* **WHAT TO WORK ON**:
Would you return exactly the lines from the top of the data below through the one containing "Eloquii Women's Plus Dramatic Faux Wrap Top", leaving out the pictures?

* **EXERCISE MATERIAL**:
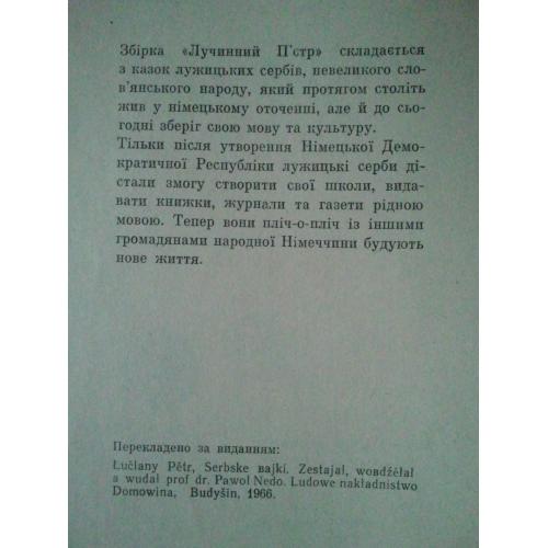 Переклад з сербо-лужицької Дмитро Меденцій. Малюнки Віктора Кузьменко. Видавництво "Веселка". Київ 1973 р.
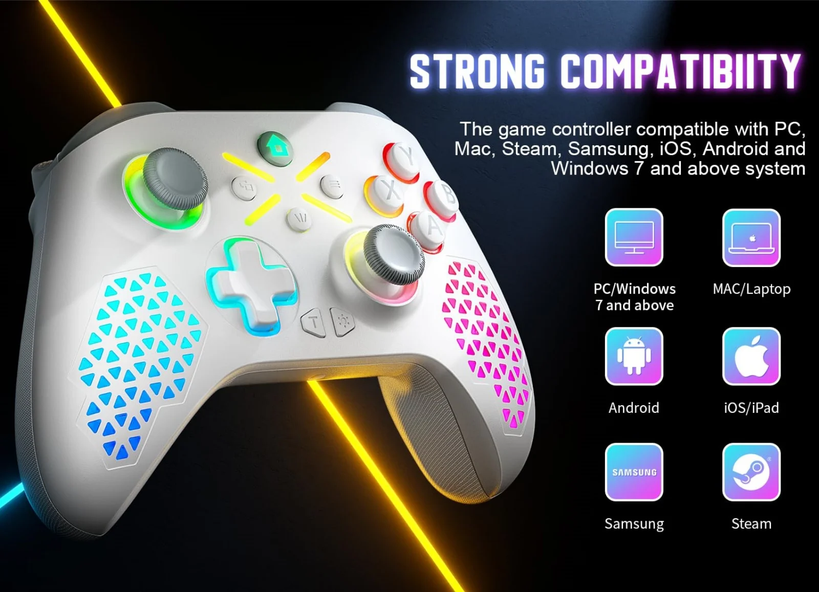 【Customizable RGB Lighting】Set up an amazing - looking gaming environment with lights you can customize. There are multi - zone, breathing, and solid light modes. You can pick from 7 bright colors to match your gaming style.
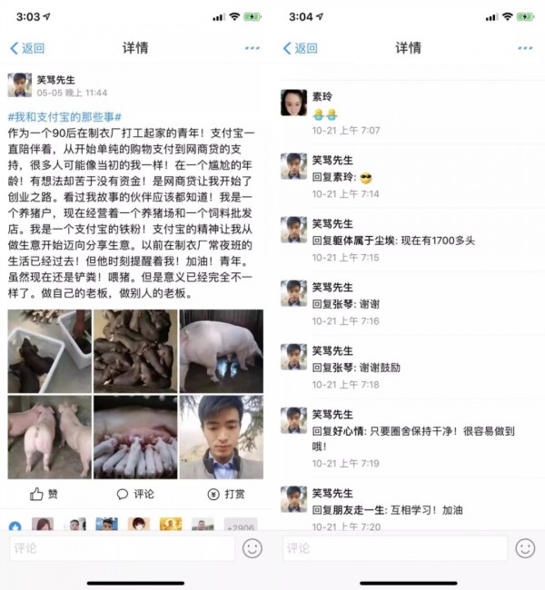 一個(gè)90后男生,從制衣廠打工開(kāi)始做,現(xiàn)在擁有自己的養(yǎng)豬場(chǎng)和飼料批發(fā)店。帖子里他曬出了很多豬的圖片。在評(píng)論中,他告訴網(wǎng)友,現(xiàn)在已經(jīng)有1700頭豬的規(guī)模了。在質(zhì)樸的語(yǔ)言里,他更多的是對(duì)生活的期冀,他說(shuō):雖然現(xiàn)在還是鏟糞,喂豬。但是意義已經(jīng)完全不一樣了。
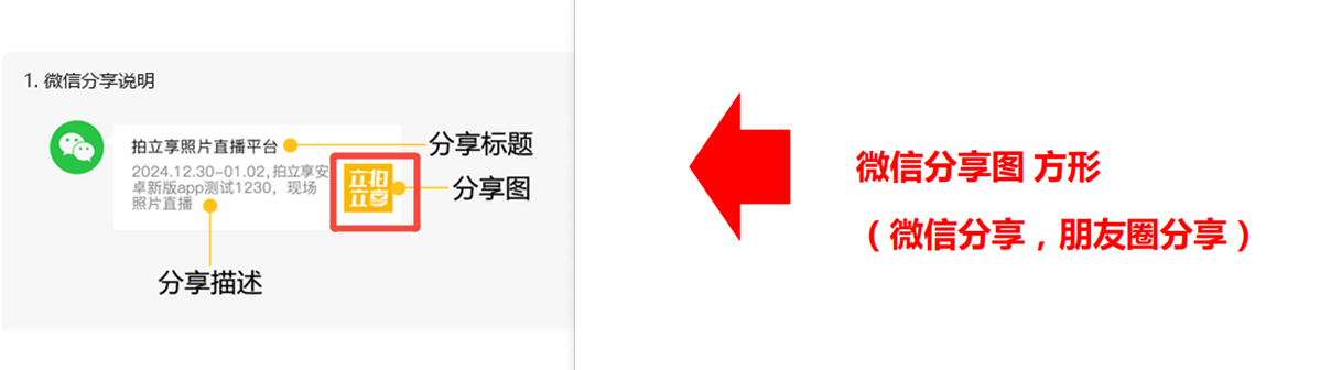 2、分享描述为:微信分享描述 【建议28字以内,如不设置默认格式为:日期+相册名称+现场照片直播@地点】
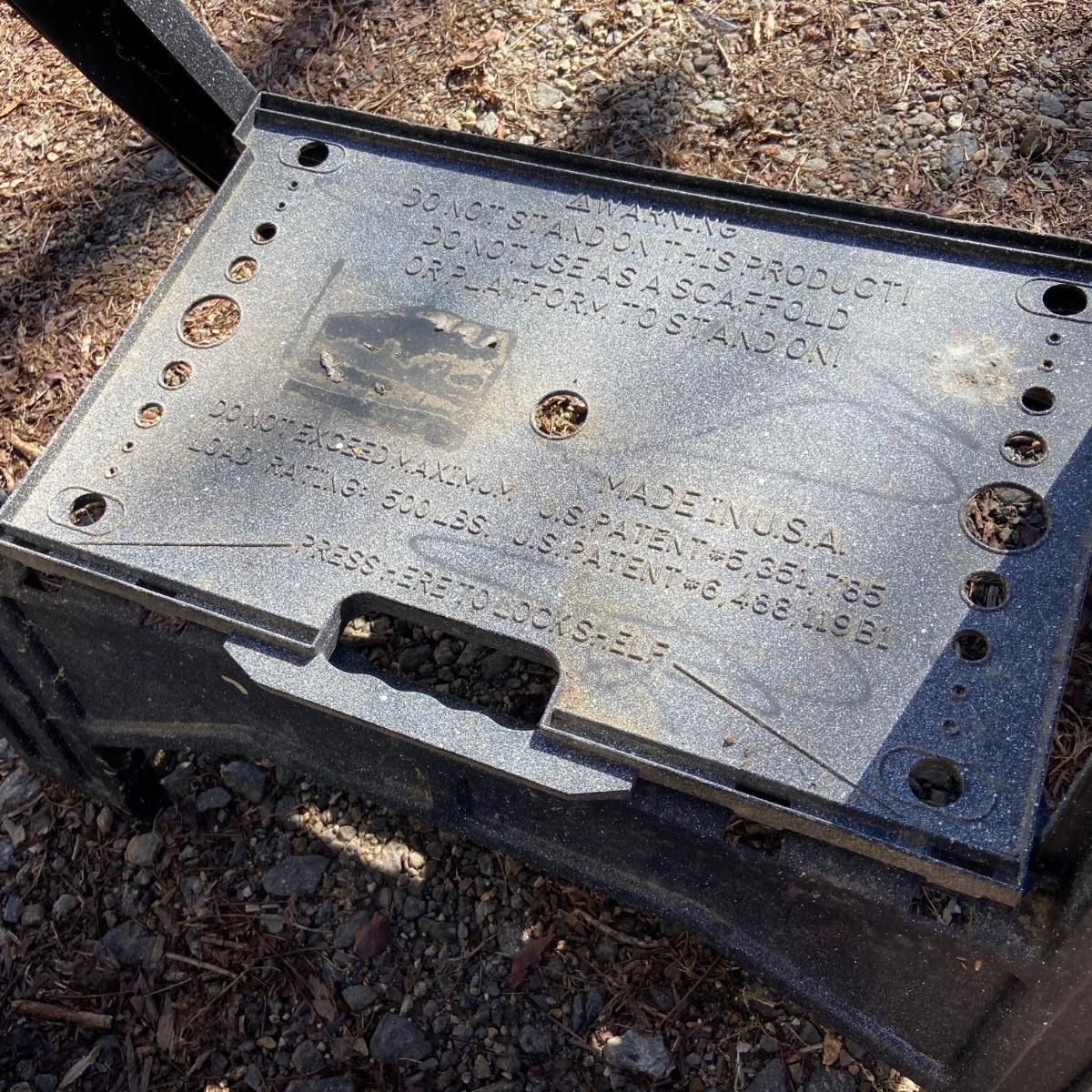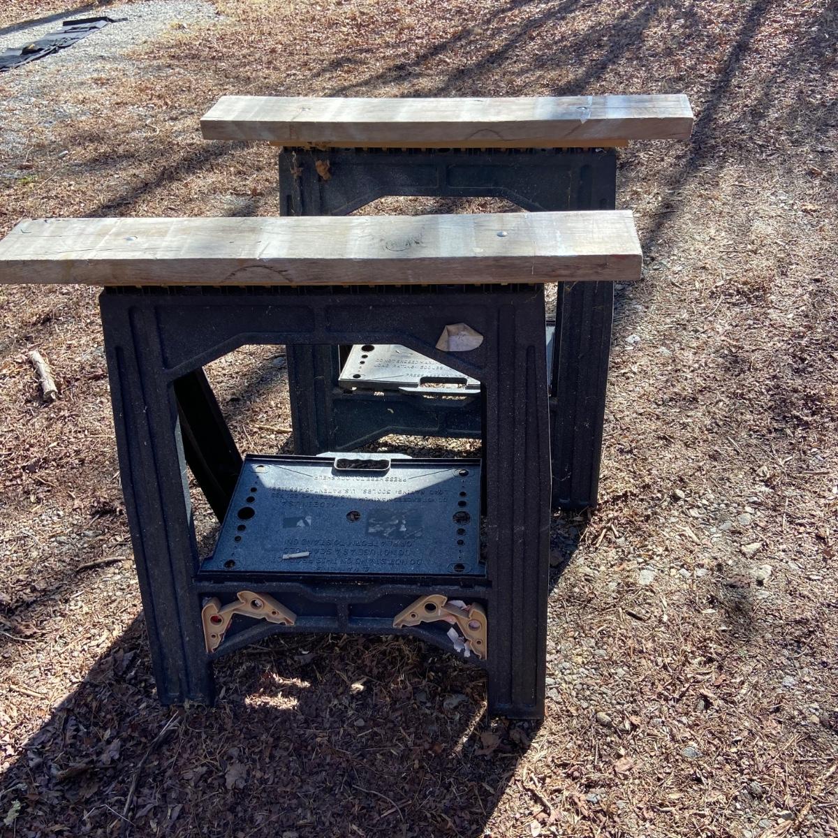 This lot contains two plastic, heavy duty saw horses. They measure 35” x 17” (at the base) x 32”H. They both have a shelf that locks them into place and a 500lb maximum load. Local pick up only.
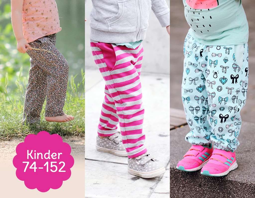 Dieses Produkt enthält die Kindergrößen von 74-152. Wir bieten zusätzlich ein weiteres Produkt für die Damengrößen 32-54 an bzw. auch ein Doppel-eBook mit allen Schnittgrößen für Kinder und Damen. Für die Damengrößen gibt es neben dem normalen schmalen Bund noch einen Wasserfall-Bund, der seitlich gerafft wird und über den Hosenstoff fällt. Die Bein-Enden sind mit einem doppelten Saum versehen.
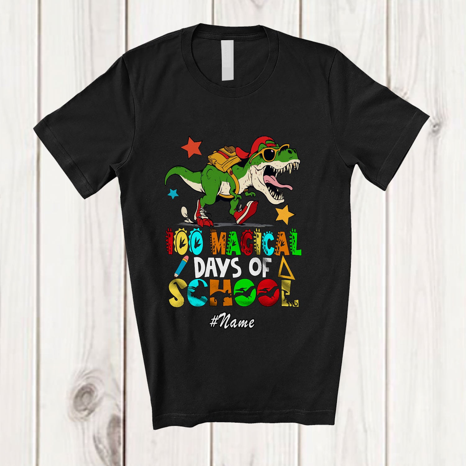 • The Personalized Custom Name 100 Magical Days Of School; Lovely 100th Day Boys T-Rex Dinosaur T-Shirt was built with people like you in mind. Something to keep you happy. Every. Single. Day.
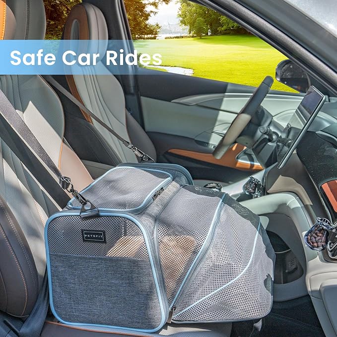- 【Airline Approved】This petsfit pet carrier for cat in S & M size meets most airline size regulations and fits easily under the airplane seat, including those of American Airlines, ensuring hassle-free travel. For the L size, please check the Airlines’ specific size standards. (Note: The expandable cat carrier has two detachable fiber rods on each side of the top. If the height exceeds the seat limit, simply remove the rods.)
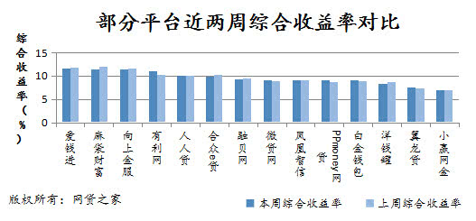 本周网贷行业平均投资综合收益率为9.28%,环比上周下降了12个基点(1个基点=0.01%)。在选取的成交量较大的平台中,有利网上涨幅度最大,涨幅为83个基点,PPmoney网贷、微贷网、白金钱包分别上涨32、23、9个基点。相反,麻袋财富、合众e贷、洋钱罐、爱钱进分别下降46、43、38、21个基点。其余平台收益率相对波动较小。
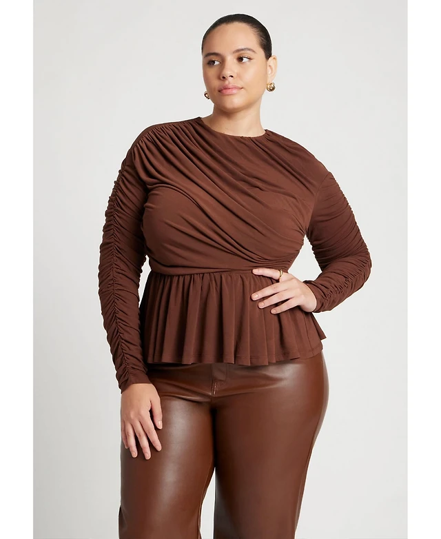 Eloquii Women's Plus Dramatic Faux Wrap Top
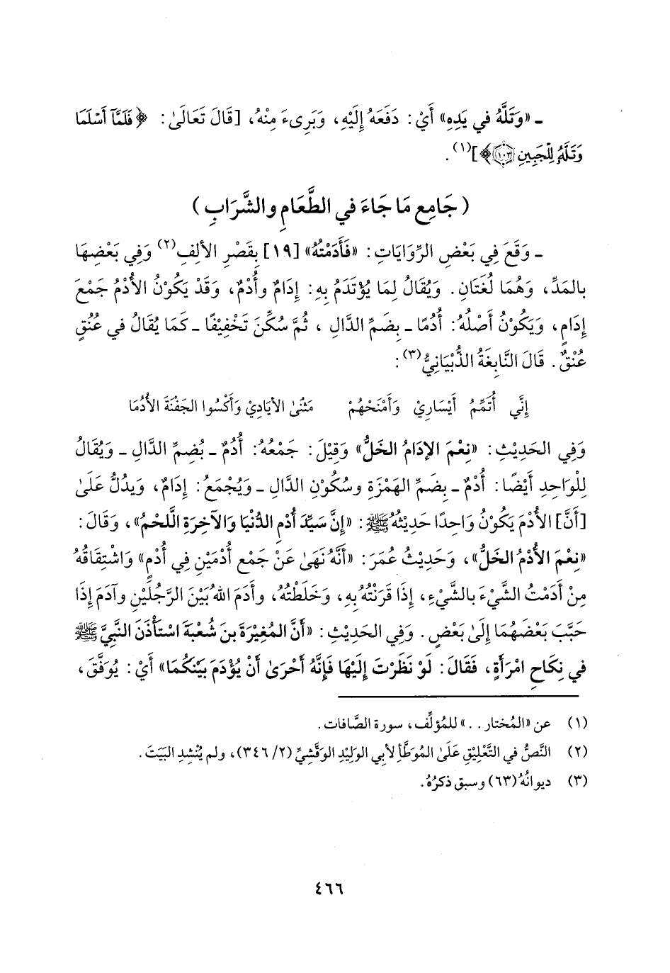 - وقع في بعض الروايات: "فأدمته" [19] بقصر الألف وفي بعضها بالمد، وهما لغتان. ويقال لما يؤتدم به: إدام وأدم، وقد يكون الأدم جمع إدام، ويكون أصله: أدماً- بضم الدال، ثم سكن تخفيفاً- كما يقال في عنق عنق. قال النابغة الذبياني:
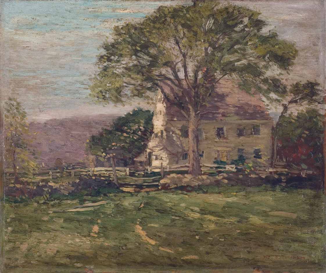 Although he included a cottage or two in paintings he had done earlier in Giverny, France, William Robinson’s decision to portray an old house for his dining room panel is surprising, for he was essentially a pure landscape and marine painter. Like many of the Old Lyme colonists, Robinson was a well-known and well respected artist when he arrived. He had won honors at national and international exhibitions and would soon garner more. In Old Lyme he found subject matter that interested him for the rest of his life.
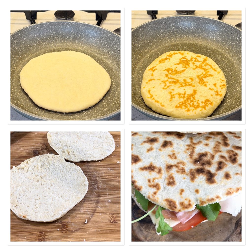 Pan suave con yogur griego, cocinado en sartén de forma rápida y sin levado. Facilísimo y sabroso, el pan de yogur se puede preparar con yogur natural o con yogur griego; cocinado en sartén y sin levado es una alternativa rápida al pan clásico y perfecto para rellenar tanto con dulce como con salado. Es un pan crujiente por fuera y tierno por dentro, aromático y fragante, que se amasa y se cocina en un instante y está listo en 30-35 minutos. Prácticamente son unas focaccias de yogur cocinadas en sartén, que pueden sustituir al pan tradicional y son ideales para llevar a la oficina, a la playa o a la montaña; además son perfectas como recurso para una cena rápida y acompañar embutidos, fiambres, verduras y quesos, y solo hace falta elegir el tamaño del pan para convertirlo en un aperitivo tipo finger food riquísimo. La receta de las focaccias de yogur en sartén o del pan rápido de yogur es muy sencilla, una solución rápida cuando se olvida comprar pan o apetece una cena práctica y diferente. El pan de yogur aporta un dorado, textura aterciopelada y mucho sabor; es perfecto para consumir el yogur que está a punto de caducar y se puede personalizar añadiendo tomates secos, aceitunas o hierbas aromáticas como orégano, tomillo o cebollino al gusto. Incluso podréis rellenar el pan de yogur antes de la cocción y obtener unas focaccias de yogur rellenas. Si queréis unas focaccias de yogur sin gluten en sartén, se puede sustituir la harina clásica por mezcla para masas sin gluten y el resultado será igualmente perfecto. Vamos a la cocina ahora: nuestra receta del pan fácil de yogur cocinado en sartén os espera, pero antes de meter las manos en la masa os recuerdo que si queréis estar al día de todas mis recetas podéis seguir mi página de Facebook (aquí) y mi perfil de Instagram (aquí)!
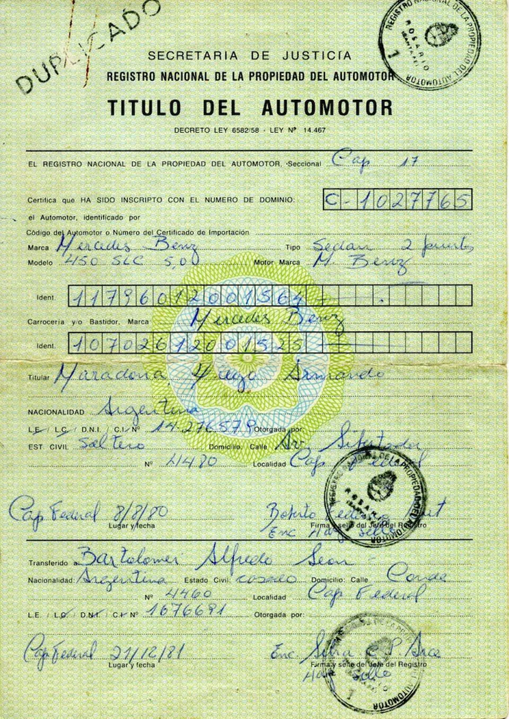 Vendue Diego Armando Maradona, 21480, Avenida Libertador, Cap Federal (ARG), cadeau de son club Boca Junior, Buenos Aires (ARG), livrée par Juan Manuel Fangio (importateur).
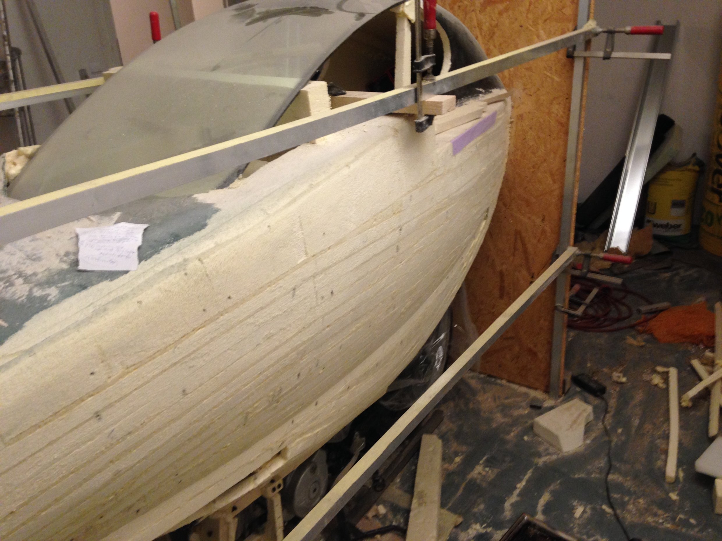 Nachdem die rechte Seite fertig war, habe ich ein Käfig um die Wave gebaut und mit Hilfe eines billig Lasers die Oberflächen Daten auf die linke Seite projiziert.Das ist recht einfach zu machen, allerdings sehr mühselig. Jeder Oberflächenpunkt ist durch drei Raumkoordinaten definiert. Also muss ich um einen Oberflächenpunkt von der rechten Seite auf die linke Seite zu übertragen, drei mal auf der rechten Seite und drei mal auf der linken Seite Messen. 10 Rippen mit jeweils 20 Punkten ergeben 200 Punkte. In Summe 1200 Messungen.
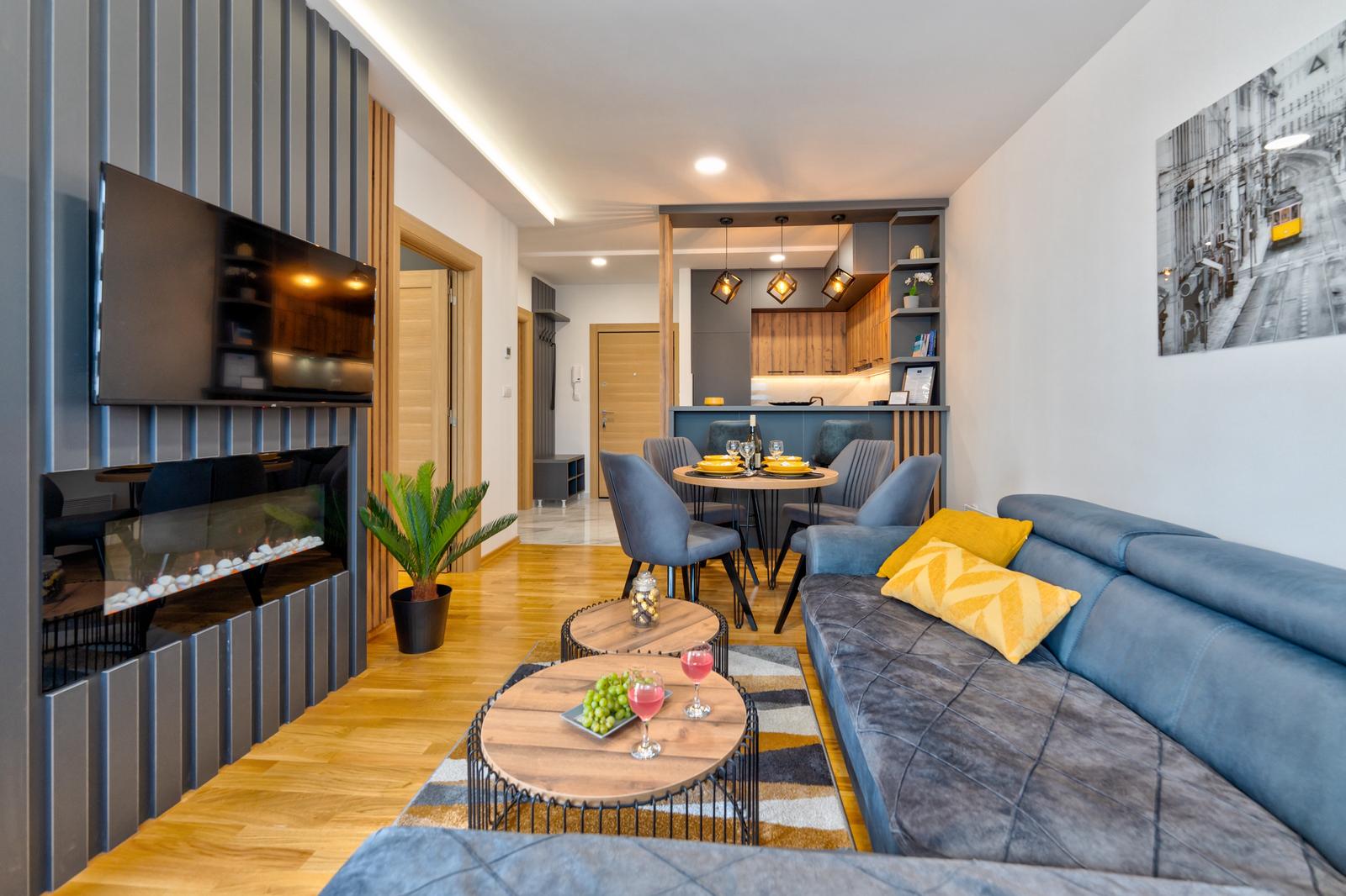 A1 Residence BW, moderno opremljen apartman sa dve spavaće sobe, savršen za udoban boravak u jednoj od najprestižnijih lokacija Beograda – Beograd na Vodi, odmah preko puta TC Galerija.

* **ANSWER BOX**:
 Переклад з сербо-лужицької Дмитро Меденцій. Малюнки Віктора Кузьменко. Видавництво "Веселка". Київ 1973 р.
 【Customizable RGB Lighting】Set up an amazing - looking gaming environment with lights you can customize. There are multi - zone, breathing, and solid light modes. You can pick from 7 bright colors to match your gaming style.
 一個(gè)90后男生,從制衣廠打工開(kāi)始做,現(xiàn)在擁有自己的養(yǎng)豬場(chǎng)和飼料批發(fā)店。帖子里他曬出了很多豬的圖片。在評(píng)論中,他告訴網(wǎng)友,現(xiàn)在已經(jīng)有1700頭豬的規(guī)模了。在質(zhì)樸的語(yǔ)言里,他更多的是對(duì)生活的期冀,他說(shuō):雖然現(xiàn)在還是鏟糞,喂豬。但是意義已經(jīng)完全不一樣了。
 2、分享描述为:微信分享描述 【建议28字以内,如不设置默认格式为:日期+相册名称+现场照片直播@地点】
 This lot contains two plastic, heavy duty saw horses. They measure 35” x 17” (at the base) x 32”H. They both have a shelf that locks them into place and a 500lb maximum load. Local pick up only.
 Dieses Produkt enthält die Kindergrößen von 74-152. Wir bieten zusätzlich ein weiteres Produkt für die Damengrößen 32-54 an bzw. auch ein Doppel-eBook mit allen Schnittgrößen für Kinder und Damen. Für die Damengrößen gibt es neben dem normalen schmalen Bund noch einen Wasserfall-Bund, der seitlich gerafft wird und über den Hosenstoff fällt. Die Bein-Enden sind mit einem doppelten Saum versehen.
 • The Personalized Custom Name 100 Magical Days Of School; Lovely 100th Day Boys T-Rex Dinosaur T-Shirt was built with people like you in mind. Something to keep you happy. Every. Single. Day.
- 【Airline Approved】This petsfit pet carrier for cat in S & M size meets most airline size regulations and fits easily under the airplane seat, including those of American Airlines, ensuring hassle-free travel. For the L size, please check the Airlines’ specific size standards. (Note: The expandable cat carrier has two detachable fiber rods on each side of the top. If the height exceeds the seat limit, simply remove the rods.)
 本周网贷行业平均投资综合收益率为9.28%,环比上周下降了12个基点(1个基点=0.01%)。在选取的成交量较大的平台中,有利网上涨幅度最大,涨幅为83个基点,PPmoney网贷、微贷网、白金钱包分别上涨32、23、9个基点。相反,麻袋财富、合众e贷、洋钱罐、爱钱进分别下降46、43、38、21个基点。其余平台收益率相对波动较小。
 Eloquii Women's Plus Dramatic Faux Wrap Top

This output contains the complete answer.